Пока что моя поездка в Минск особых результатов не имела. В Главном Управлении я сделал доклад о том, что там было. Книжник меня дополнил, причем разногласия между нами не было. Впрочем, ничего нам и не приходилось от этой поездки ожидать: уже то было хорошо, что пока в Минске ничего идущего в разрез с работой Главного Управления решено не было.
По возвращении моем из Минска мне пришлось еще принять участие в двух комиссиях – в Романовском Комитете по пересмотру его устава и в Министерстве внутренних дел в комиссии под председательством Лизогуба (до того выборного члена Гос. Совета, а позднее председателя Совета министров у гетмана Скоропадского) по пересмотру законоположений о подданстве. Почему в самый разгар войны и после революции потребовалось пересматривать эти законы, я так и не узнал. В комиссию эту я попал как представитель Кр. Креста, тоже неизвестно, зачем там понадобившийся.
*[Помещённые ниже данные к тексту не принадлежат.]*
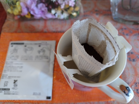 ドリップパックの口を開けてお湯を注ぐと、コーヒーの良い香りが部屋中を満たしてくれます。
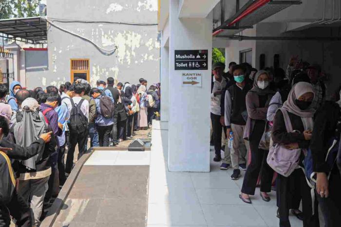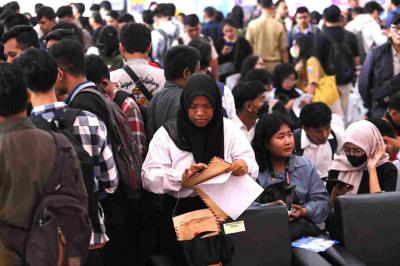IDXChannel - Ribuan pencari kerja mencari informasi lowongan pekerjaan saat acara Jakarta Job Fair yang digelar Pemprov DKI Jakarta di Gor Kemayoran, Jakarta Pusat, Selasa (6/5/2025).
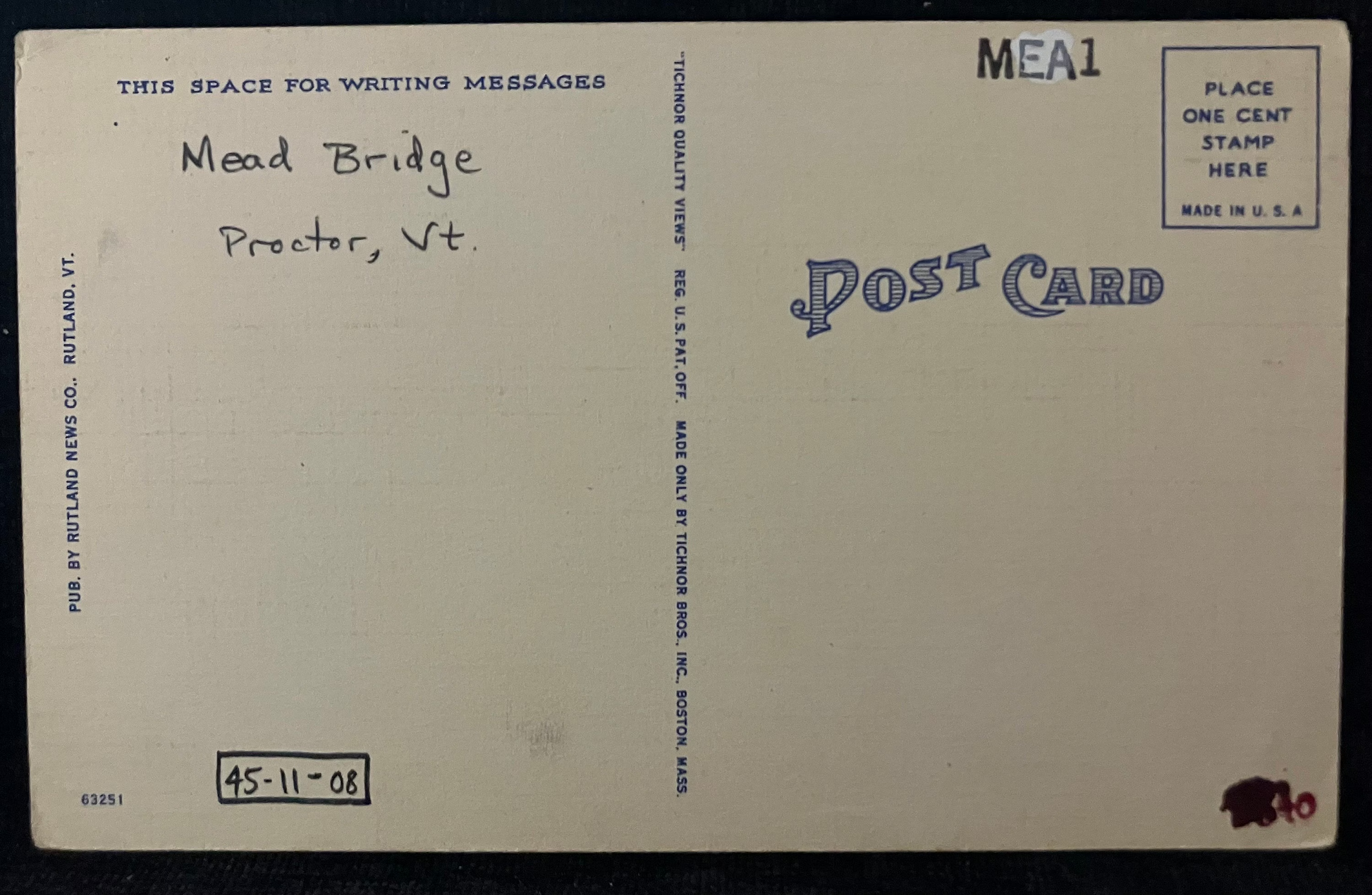 Front: Covered Bridge. Near Rutland, Vermont
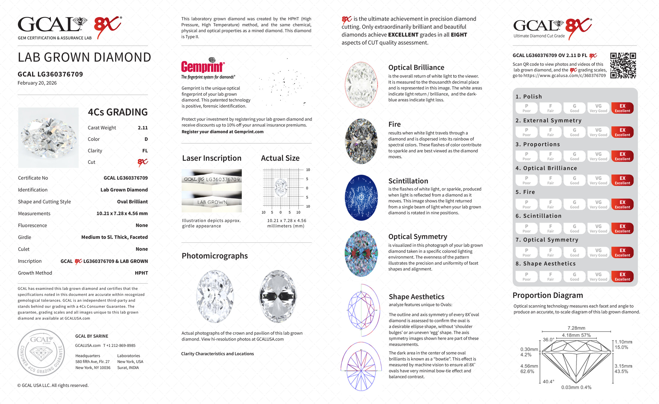 The GCAL certificate (#360376709) is an independent grading report that verifies this diamond's carat weight, color, clarity, cut, and other physical properties. It serves as a trusted third-party guarantee of the stone's quality. Always verify the certificate number on the issuing lab's website before purchasing.
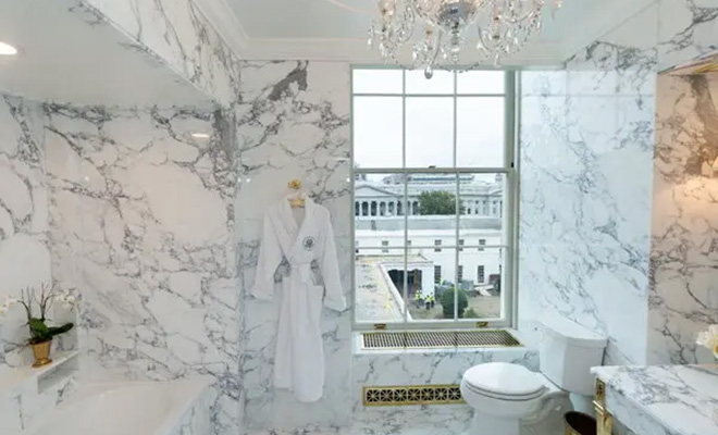 Дональд Трамп опубликовал фотографии обновленной ванной комнаты при спальне Линкольна в Белом доме, заявив, что «вернул ей исторический облик» и отделал помещение настоящим мрамором « для придания атмосферы XIX века».
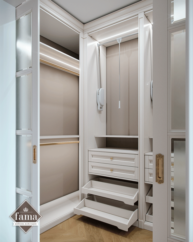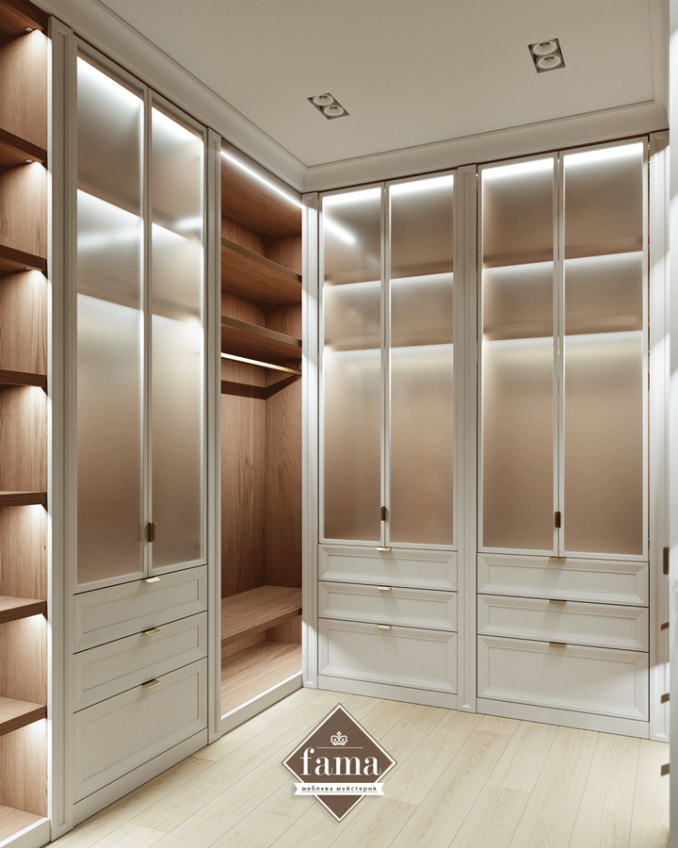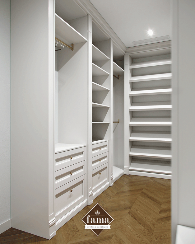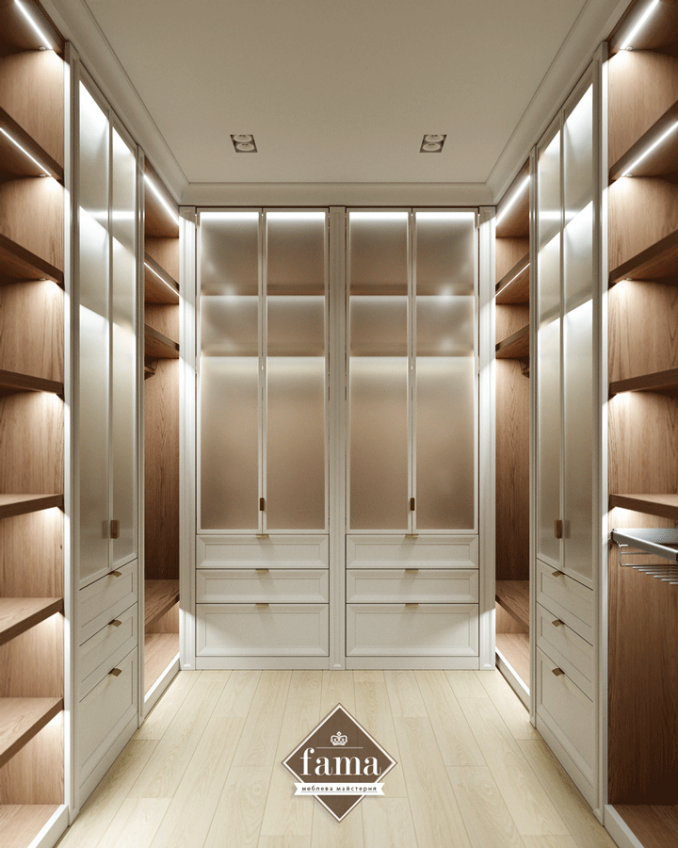 Традиційне рішення для гардеробних кімнат, яке виконується завдяки таким матеріалам:
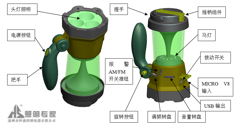 救災多功能應急燈通過手搖發電原理,用手搖動搖柄,經內部傳動機構變速後,帶動應急燈內(nèi)置電(diàn)機(jī)發出交流電(diàn),再經整流穩(wěn)壓後轉換為直流電,對內置電池(chí)充電,達到能量轉換並儲能(néng)的目的;采(cǎi)用集成電(diàn)路芯片,由三檔撥動(dòng)開關切換報(bào)警功能和(hé)頻段:FM-AM(調頻-調幅),頻率(lǜ)及音量手動旋鈕調諧,收音為手動(dòng)搜索選(xuǎn)台方式:選擇你喜歡頻道率收聽;救災多功能(néng)應(yīng)急(jí)燈還具有照明、手搖對電池及數碼類產品充電功能。
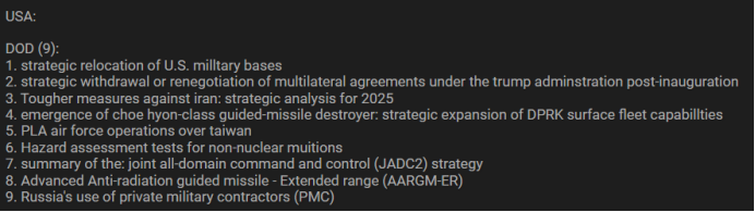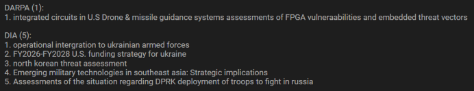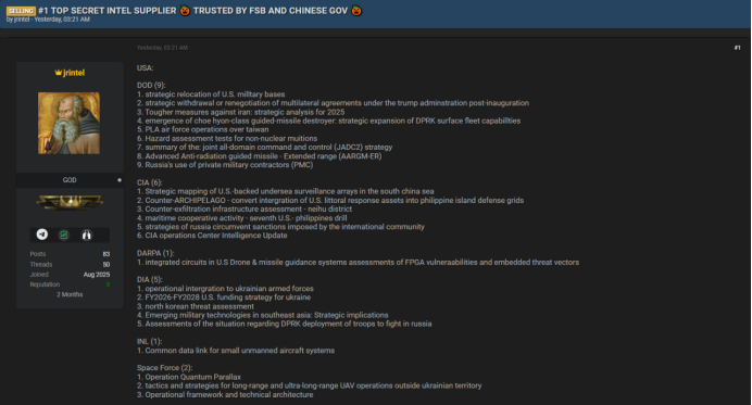 一位威胁行为者称他正在售卖一份顶级机密情报提供商的绝密数据,涉及美国国防部、中央情报局、DARPA、DIA、太空军、巴基斯坦、英国、俄罗斯等国家,涉及军事、国防、科技、政府文件、军事策略等重要文件。
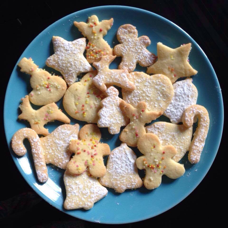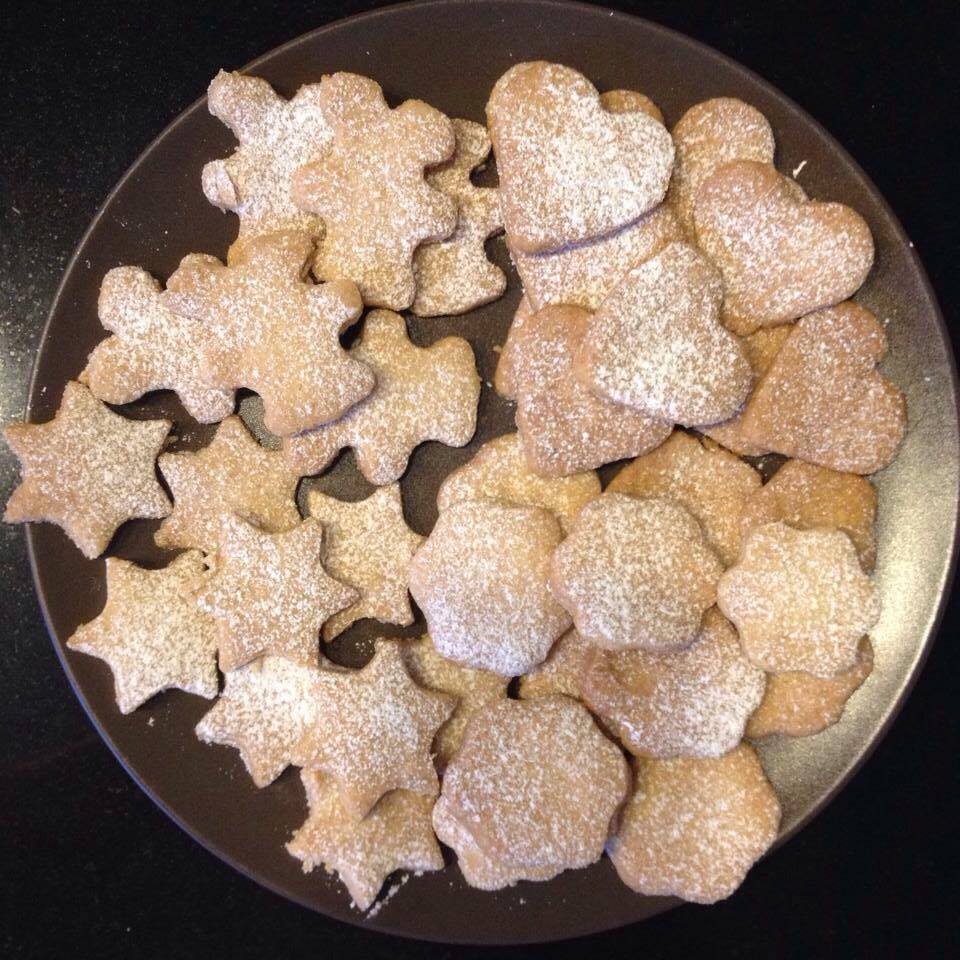 6. Étaler la pâte sur un plan fariné ( 3 à 5 mm ). Emporte-piécer. Cuire 10 min (bords à peine dorés, biscuits pas très cuits).
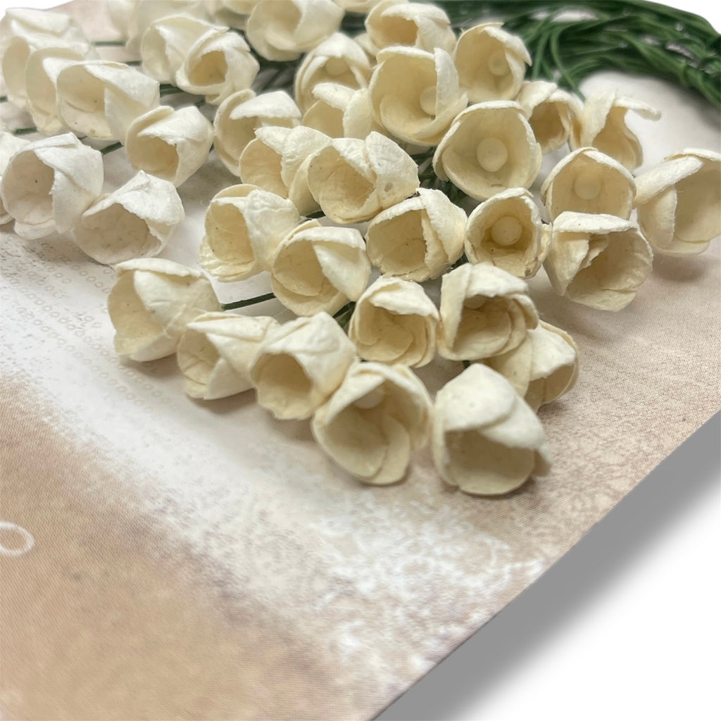 Pakke med tulipaner fra Papirdesign. Pakken inneholder 50 blomster, 25 av hver farge. Tulipanhodet måler ca 0,6cm x 0,6cm.
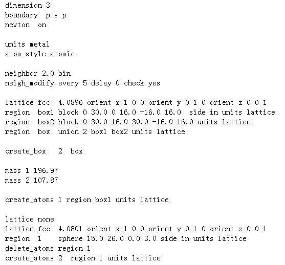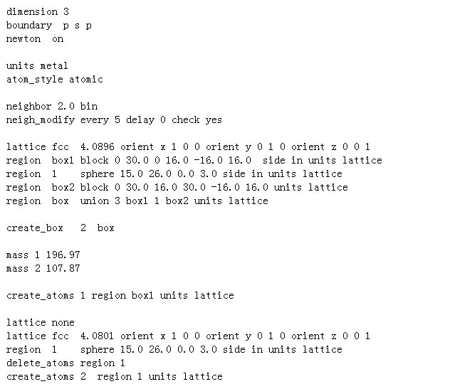 求解释,命令语句如图,为何计算后发现是类型1的原子质量定义到了region 1 中,而不是应该的类型2,(根据动能计算得知)。不知是何缘故? 原子质量为类型1 的定义到了box1中,原子质量类型为2 的定义到了region1 中,二者没有交集的,为何计算结果却表现为原子质量类型为1(即196.97,而不是107.87)的定义到了region1中呢? 11111.png |
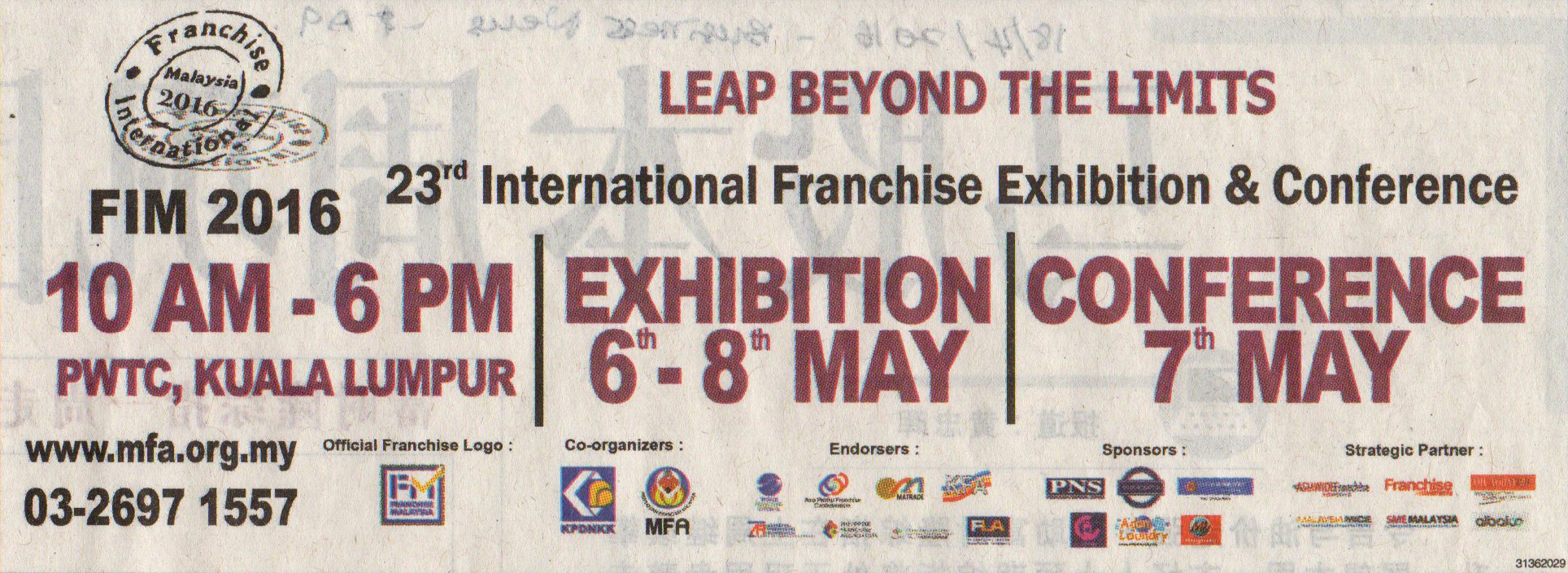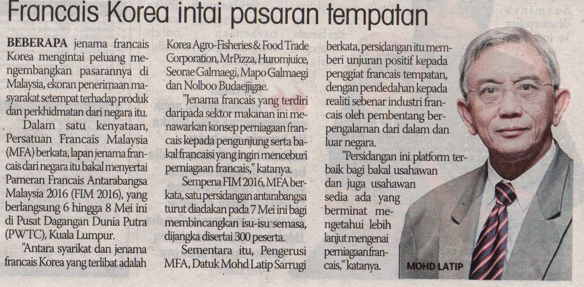 Franchise International Malaysia (FIM2016) PapercuttingBy adminMay 10, 2016NANYANG SIANGPAU – 25 APRIL 2016

Еще до поездки моей в Минск, не помню, кто предложил мне в Главном Управлении поехать в Данию и Норвегию ознакомиться там с положением дела военнопленных. Мысль эта меня заинтересовала, и вскоре я это предложение принял, причем решил взять с собой и семью, ибо оставлять их в Петрограде не хотелось, а положение в деревнях в России (я не говорю про лично наши имения и имения наших семей) всё ухудшалось. Начались переговоры, познакомился я с представителем Датского Красного Креста Филипсеном (впоследствии его фактическим руководителем), и начал хлопотать о разрешении семье выезда за границу и получении паспортов, также как о получении валюты. И, наконец, все это было готово, как и получение мест в поезде. Мне лично выдали очень быстро дипломатический паспорт, не было затруднений в получении паспортов и для семьи, требовалось только для них разрешение на выезд еще из Генштаба. Для ускорения этого я отправился в Штаб, где все мне сделали в четверть часа. В святое святых штаба, куда раньше никто не пропускался без особого разрешения и где везде сторожили жандармы, проходил теперь свободно, кто хотел. Везде ходили толпы солдат, среди которых как-то терялись чины штаба. Так как валюта выдавалась в то время лишь с разрешения Кредитной канцелярии, то я и обратился в нее через банк, и мне было разрешено переводить ежемесячно в Данию по 2.500 р. В мае, когда я получил это разрешение, за рубль давали одну датскую крону и 27 ёре (до войны он стоил 1 кр. 90).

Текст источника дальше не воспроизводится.